**THE PROBLEM:** Starting with the line that contains "חולצת קפלים לבנה קלאסית ארוכה לנשים Blouse-A", repeat each line exactly through the final line of the listing. No picture should appear in the copy.

**EXTRACTED ENTRIES:**

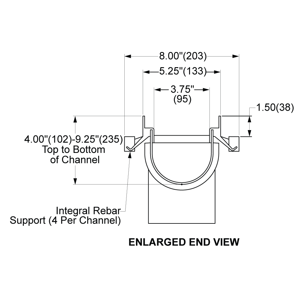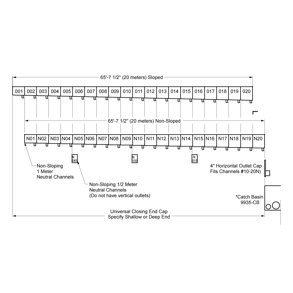 | Variations | Closing End Cap Shallow -ES, Closing End Cap Deep -ED, Horizontal Outlet 4" -H4, Catch Basin Only 9935-20, Catch Basin Plastic Bucket -BP, Direction Change Coupling -MC, Stainless Steel Overlay Rails -SSR, 9849 Rante Arrow, 4" NO-HUB Bottom Outlet Adaptor -BO, (2) 3/8” (10) Tappings -TAP |
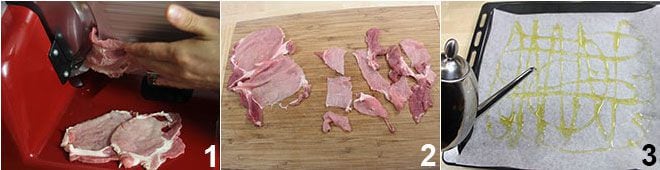 Para preparar o gyros, comece fatiando finamente a carne, com a ajuda de uma fatiadora, pois deve ser muito fina 1 e reduza as fatias em pedaços menores 2. Forre uma assadeira com papel manteiga, unte-a 3
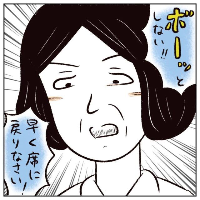 「ボーッとしない!!早く席に戻りなさい!」とまるさんを叱りました。
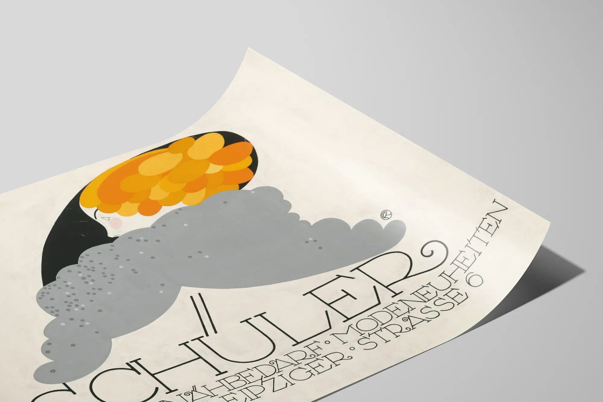 Ta vintage plakat SCHULER jest unikalnym elementem dekoracji ściennej, idealnym dla miłośników mody i sztuki graficznej z dawnych czasów. Przedstawia oryginalną i stylizowaną ilustrację kobiecej sylwetki o delikatnym profilu, ułożonej z ciepłymi odcieniami żółci i pomarańczy we włosach. Rysunek uzupełnia szary obłok z punktowanymi detalami, który dodaje subtelnego i eleganckiego kontrastu. Projekt graficzny, połączony z oryginalną i ozdobną typografią, przywołuje klimat retro związany ze światem krawiectwa i akcesoriów modowych, szczególnie z artykułami krawieckimi i nowościami marki SCHULER z siedzibą w Berlinie. Ta plakieta doskonale sprawdzi się jako element dekoracji ściennej, łączący styl dawny z wyrafinowanym akcentem artystycznym. Niezależnie od tego, czy będzie ozdobą salonu, sypialni czy pracowni twórczej, wnosi nutę autentyczności i wyrafinowania. Łatwo wpisze się w kolekcję vintage plakatów lub stanie się centralnym punktem wnętrza o tematyce artystycznej lub modowej. Ta dekoracja ścienna to także świetny wybór do sklepu lub przestrzeni poświęconej krawiectwu, gdzie z elegancją podkreśli świat tekstyliów i akcesoriów krawieckich. Ten minimalistyczny plakat o czystej formie przypadnie do gustu miłośnikom retro designu i oryginalnej dekoracji ściennej.
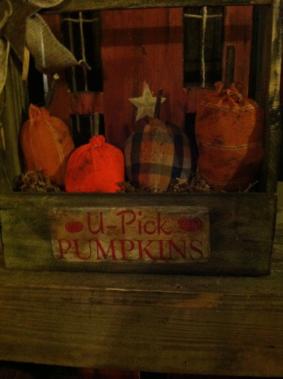 PRIMITIVE HALLOWEEN FALL PUMPKIN ORNIES IN A WOODEN TOOLBOX DECOR
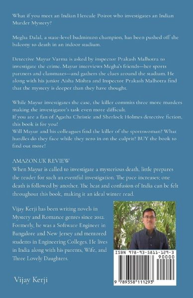 What if you meet an Indian Hercule Poirot who investigates an Indian Murder Mystery? Megha Dalal, a state-level badminton champion, has been pushed off the balcony to death in an indoor stadium. Detective Mayur Varma is asked by inspector Prakash Malhotra to investigate the crime. Mayur interviews Megha's friends-her sports partners and classmates-and gathers the clues around the stadium. He along with his junior Aisha Mishra and Inspector Prakash Malhotra find that the mystery is deeper than they have thought. Mayur understands Megha's fiance, Deepak, is interested to marry his girlfriend. Megha's coach Indranil and her sports partner, Bhuvan are unhappy because Megha refused to romance them. Megha's classmate, Himanshu, holds a grudge against Megha as her father suspended him from college because Himanshu cheated in the exams. Her female sports partner, Kamini, is frustrated as Megha won the titles most of the time. While Mayur investigates the case, the killer commits three more murders making the investigator's task even more difficult. If you are a fan of Agatha Christie and Sherlock Holmes detective fiction, this book is for you! Will Mayur and his colleagues find the killer of the sportswoman? What hurdles do they face while they zero in on the culprit? Click the BUY button to find out more!
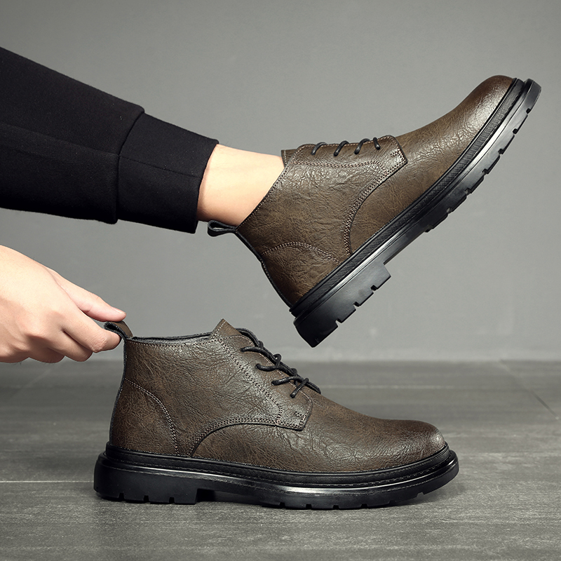 冬季马丁靴男士真皮加绒英伦风皮靴秋季低帮短靴子男款休闲工装鞋
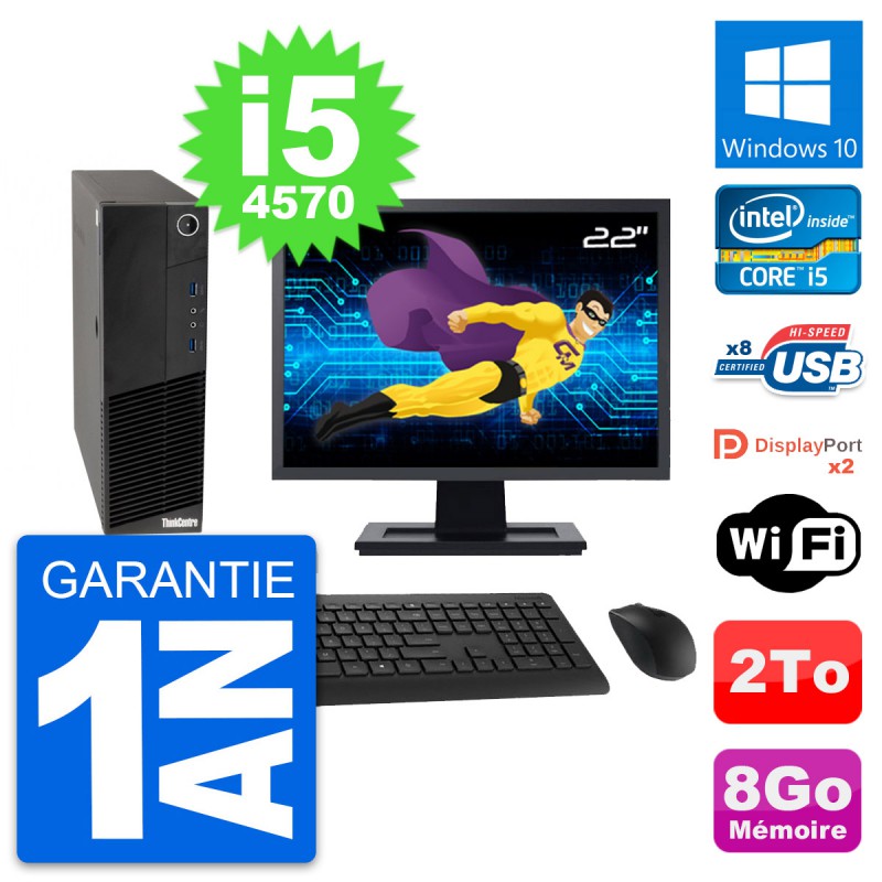 PC Lenovo ThinkCentre M83 SFF - Intel Core i5-4570 3.2 Ghz (6 Mo) - 8 Go DDR3 - Disque Dur 3,5" 2 To - Clef Wifi USB - Windows 10 - Livré avec Ecran 22" + clavier + souris (Marques et modèles variables) - Garantie 1 an.
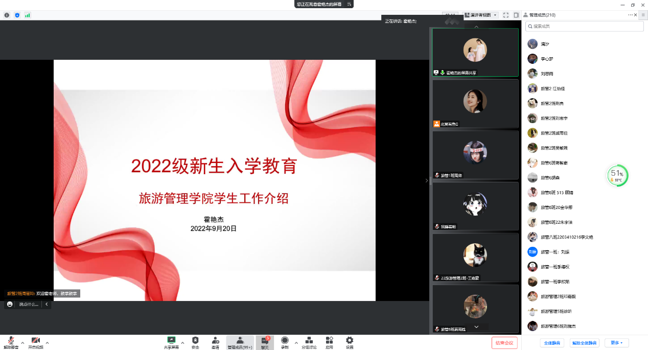 为帮助2022级新生尽快完成角色转换,扣好大学的第一粒纽扣,根据学校开学第一课的工作安排,9月20日,旅游管理学院于线上开展了2022级新生入学教育活动,学院党总支书记张岳军、副书记霍艳杰、全体辅导员以及2022级全体新生参加了此次活动。
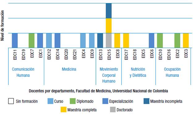 De la Figura 1 se resalta que el Departamento del Movimiento Corporal Humano es el que cuenta con más procesos de formación a nivel formal en educación, así como docentes con más altos niveles de formación en educación, maestría y doctorado. En contraste, el Departamento de Medicina mantiene una tendencia baja en formación en educación en escenarios pedagógicos formales.
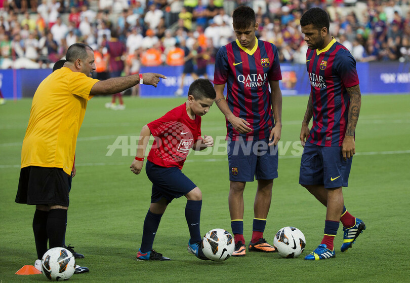 サッカークリニックに参加するFCバルセロナのダニエル・アルヴェス(Daniel Alves、右)とネイマール(Neymar da Silva Santos Junior、右から2人目、2013年8月4日撮影)。(c)AFP/JACK GUEZ
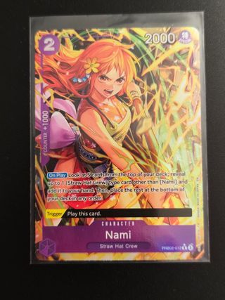 Carta de personaje Nami del juego de cartas coleccionables One Piece. - Tipo: Personaje. - Nombre: Nami. - Franquicia: One Piece. - Código de carta: PRB02-012. - Arte alternativo Envío protegido y rápido
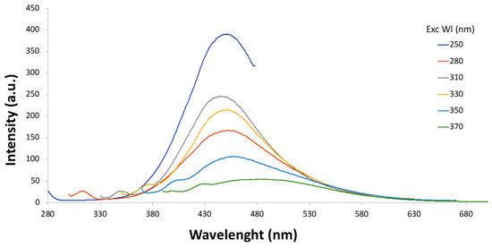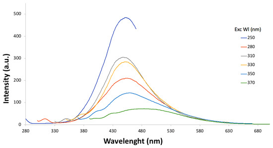 Fluorescence spectra recorded progressively increasing excitation wavelengths (from 250 to 370 nm) of T6 sample after dialysis purification.
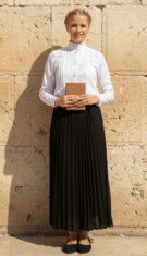 חולצת קפלים לבנה קלאסית ארוכה לנשים Blouse-A
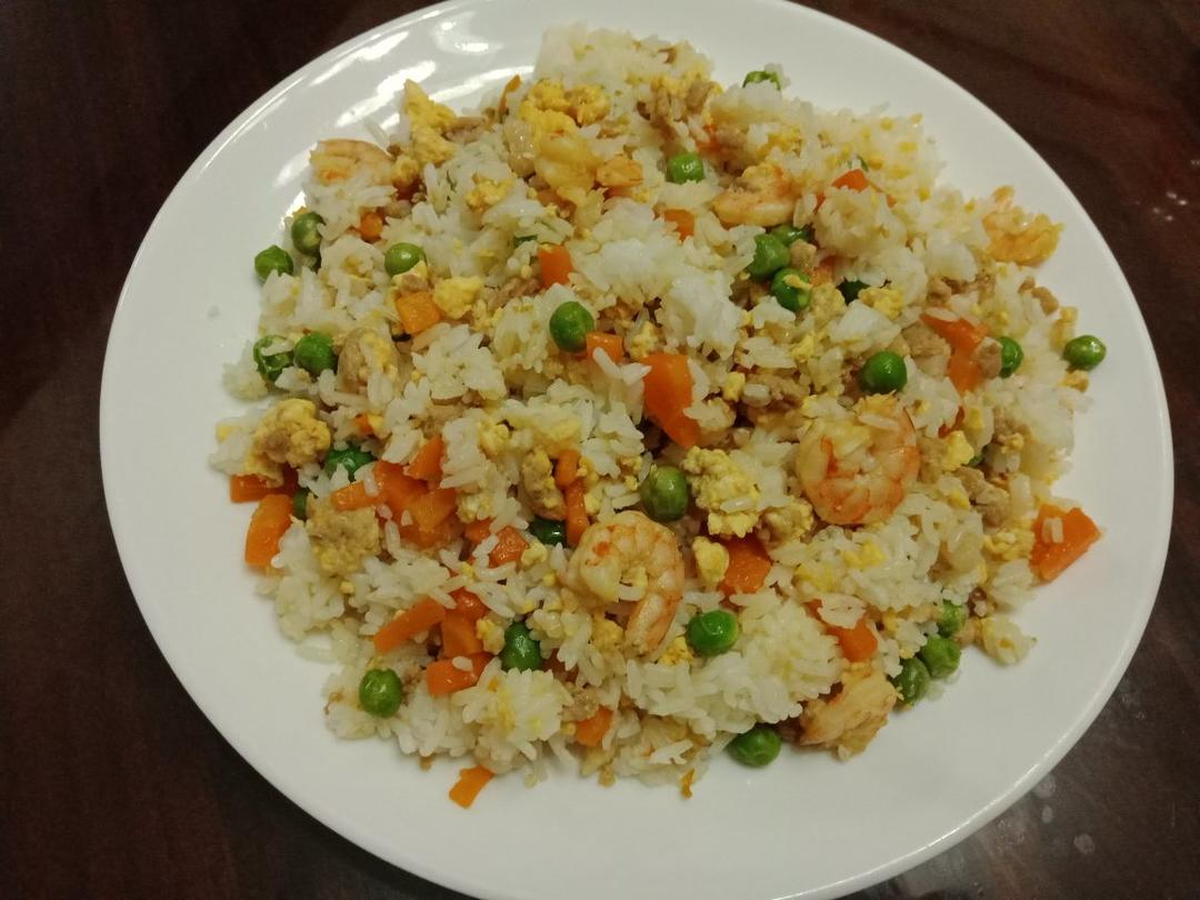 青豆胡萝卜虾仁肉末蛋炒饭,非常好吃

**EXERCISE SOLUTION:**
 חולצת קפלים לבנה קלאסית ארוכה לנשים Blouse-A
 青豆胡萝卜虾仁肉末蛋炒饭,非常好吃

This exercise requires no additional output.